Overheard... Schwab's David Pottruck taking a rest during his Monday night picture-taking walk around and explaining Schwab's business to a woman. "It's wonderful. All of these companies have built businesses around Schwab". ... Morningstar SVP Jim Wironen asking Schwab's John McGonigle if he wanted to see a "demo". We wonder if that is a demo of Morningstar's new online asset allocation advisory service.

Alliance Capital, Artisan Funds, and Firsthand Funds held the prime real estate facing the entrance -- directly in front of the hall hosting breakfast and lunches, these booths were seen by the largest numbers of advisors. Firsthand also boasted one of the top tsotchkes -- the flashiest and probably most expensive pen. Other hot giveaways included ProFunds Swiss Army knife as well as an Impressionist coffee mug from Wasatch, the favorite of the Financial Times' Elizabeth Wine and many others at the conference.

Wine joined the paper last week from Thomson's American Banker to head the esteemed paper's newly expanded US Fund coverage out of New York (for those who don't know, it is the salmon colored newspaper that ranks higher than the WSJ among the European crowd).

Janus Funds held a location nearly as good... if it had an exhibit.

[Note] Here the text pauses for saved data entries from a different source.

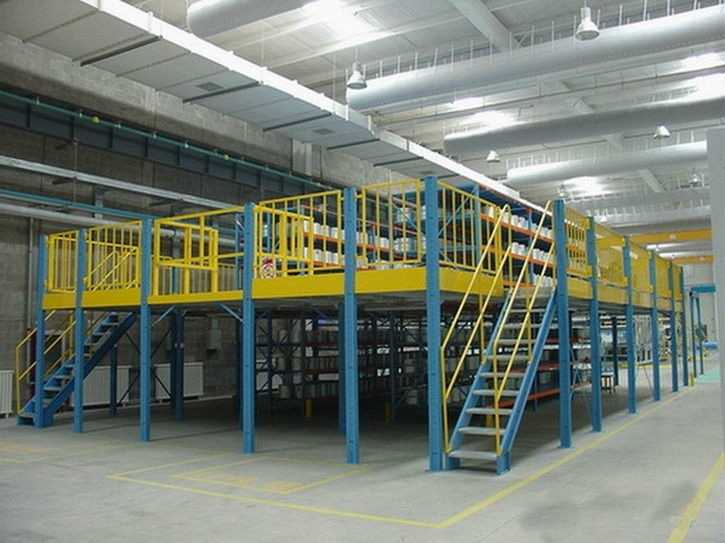 5、下層是貨架形式,上層可以是平臺(tái)也可以是貨架的結(jié)構(gòu)。底層貨架既可以存儲(chǔ)物料又是樓面的支撐,極具靈活性。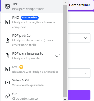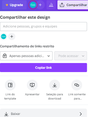 Após finalizar sua arte, selecione a opção "Compartilhar", em seguida escolha a opção “Baixar”.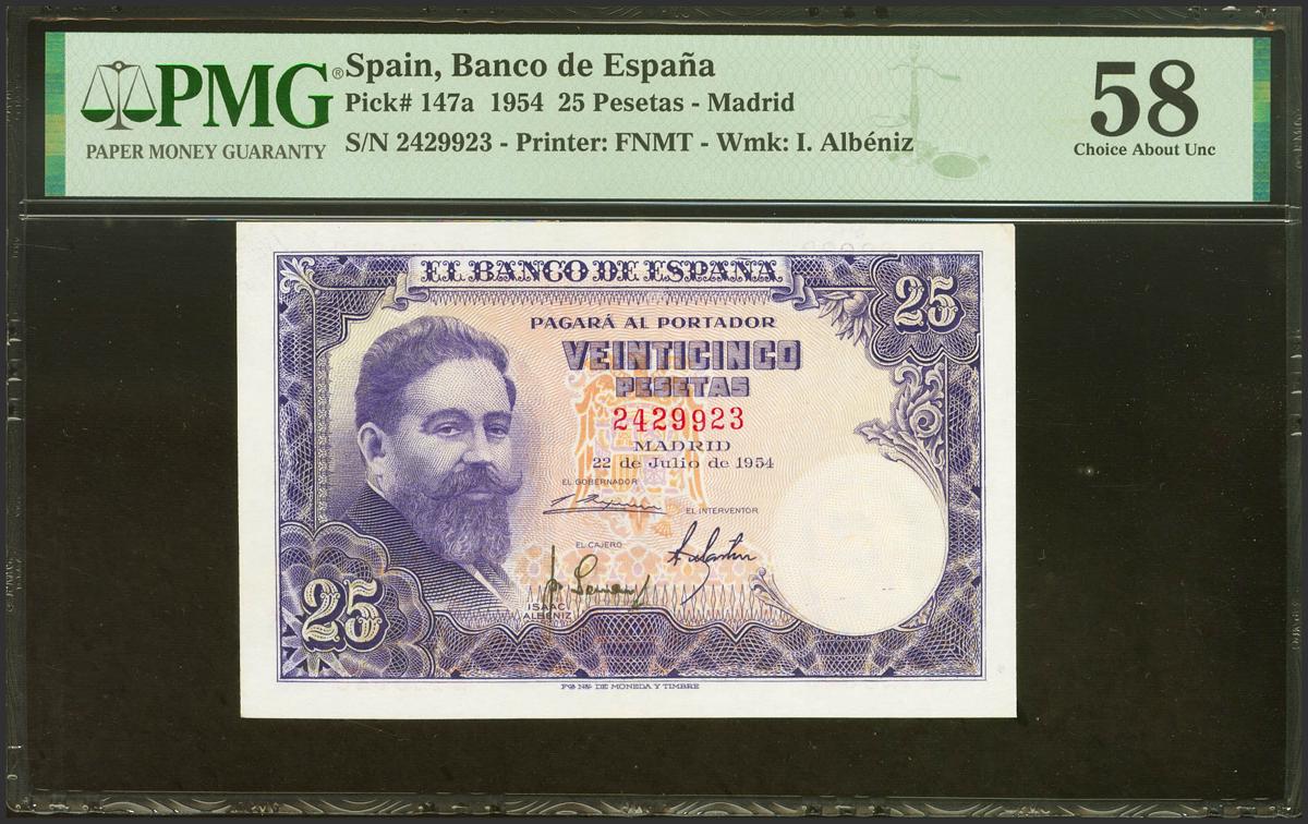 25 Pesetas. July 22, 1953. No series. (Edifil 2021: 467, Pick: 147a). EBC++. PMG58 encapsulation.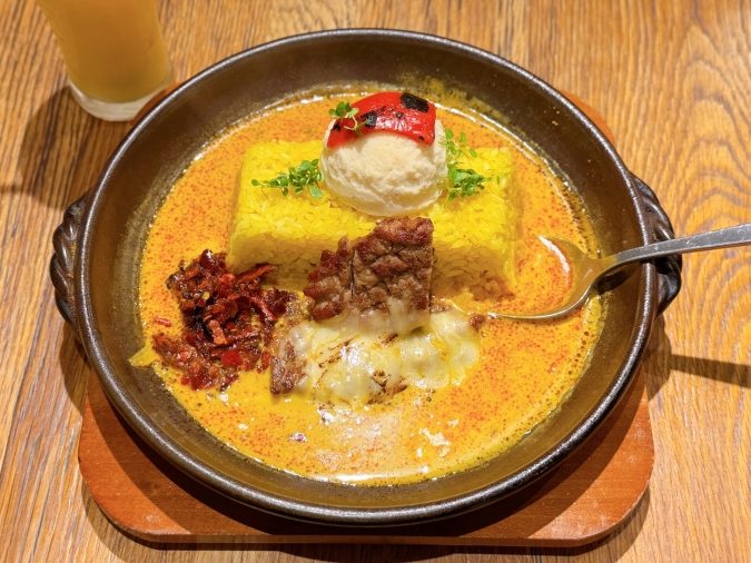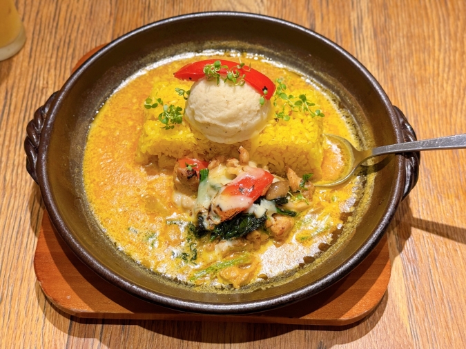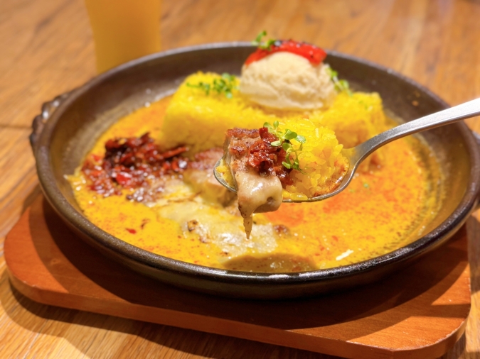 チーズ好きさんにぜひ食べてほしいのが、『チキンと焼きトマトチーズカレー』(1,300円)です。こちらはやさしい1辛でオーダーしてみました。

Janus missed the opening night kick-off reception hosted by Liberty Funds Distributors. It seems that the exhibit was temporarily delayed in transit. Meanwhile, T. Rowe Price salespeople found themselves in a back aisle located among five firms whose combined assets likely fell short of T. Rowe's.

Missing in action was Fidelity. It seems that the Schwab rival is no longer welcome. The Boston Behemoth pulled its funds from the OneSource lineup and now offers them only through its own supermarket.

What was it with the dancers at American Century's psychedelic bash on Tuesday? We failed to notice anyone managing to keep pace with the hotly dressed pair of dancers. Perhaps the answer was at the Martini bar ...

Schwab used the conference to roll out many of the new technologies that underpin its advisor services, including its SchwabInstitutional.com Web tools and new SchwabLink software.

The new services were set off in the middle of the hall (on extra thick carpeting to rest sore feet). Scores of blue shirted Techie Schwabies were ready to explain the technology.

More on the lips of advisors, though, was AdvisorSource or more specifically how to get in it. More than one small firm complained that advisors with less than $25 million were not getting referrals. Larger firms were scheming on how to get included in the best locations.

Advisors did let out a round of applause when Schwab CEO David Pottruck offered free attendance to next year's gathering in Denver for those who have schlepped to all nine Impacts. From the look on John Coghlan's face we suspect that he was speaking in jest, but if you have made it to nine Impact's we suggest you ask for the freebie anyway.

Next year will be the tenth and may be the last Impact held in the current format. A Schwab spokesperson confirmed rumors circulating among attendees that Schwab may shake up the format of the event. Not known is what form the changes will come in. Possibilities include multiple conferences held for advisors segemented by size, location, or perhaps something totally different.

The spokesperson confirmed that Schwab honchos are looking at issues in light of the meeting's success -- it has grown too big both to find new locations yearly and to serve the differing needs of such a diverse group of advisors.